▸ **WHAT THE EXERCISE ASKS**: The listing below should be printed in full and exactly, apart from its images.

▸ **RECORDED DATA**:
====

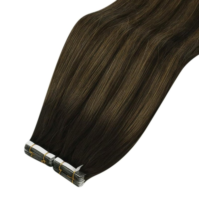 Sunny Hair Tape in Extensions Straight Skin Weft Tape in Hair Extensions Invisible Tape in Hair Extensions Human Hair 20Pcs Hair Extensions Real Human Hair Darkest Brown Balayage Medium Brown 20inch
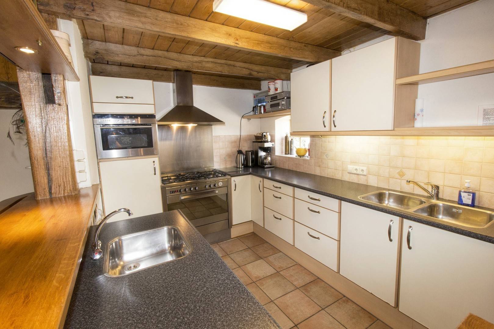 Beneden vindt u een volledig uitgeruste keuken voor grote groepen, voorzien van onder andere:
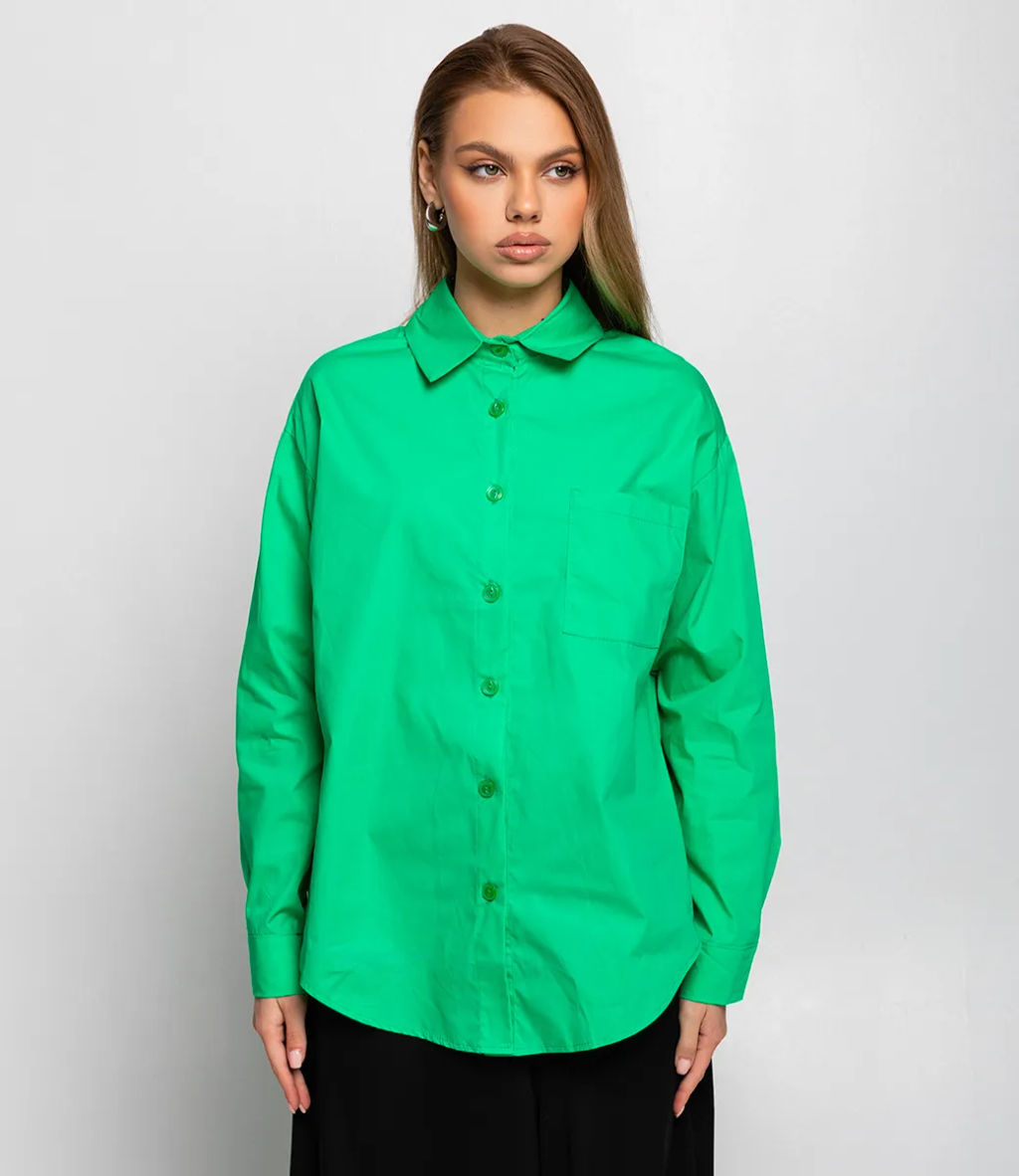 Свободную рубашку на пуговицах с удлиненной спинкой можно носить по верх футболок и кроп-топов и как базовый элемент гардероба. Модель выполнена из прочного хлопка с добавлением полиэстера, благодаря чему рубашка отлично держит форму и обладает высокой износостойкостью. Рост модели 168, 89-63-90.­

====

▸ **OUTPUT**:
 Sunny Hair Tape in Extensions Straight Skin Weft Tape in Hair Extensions Invisible Tape in Hair Extensions Human Hair 20Pcs Hair Extensions Real Human Hair Darkest Brown Balayage Medium Brown 20inch
 Beneden vindt u een volledig uitgeruste keuken voor grote groepen, voorzien van onder andere:
 Свободную рубашку на пуговицах с удлиненной спинкой можно носить по верх футболок и кроп-топов и как базовый элемент гардероба. Модель выполнена из прочного хлопка с добавлением полиэстера, благодаря чему рубашка отлично держит форму и обладает высокой износостойкостью. Рост модели 168, 89-63-90.­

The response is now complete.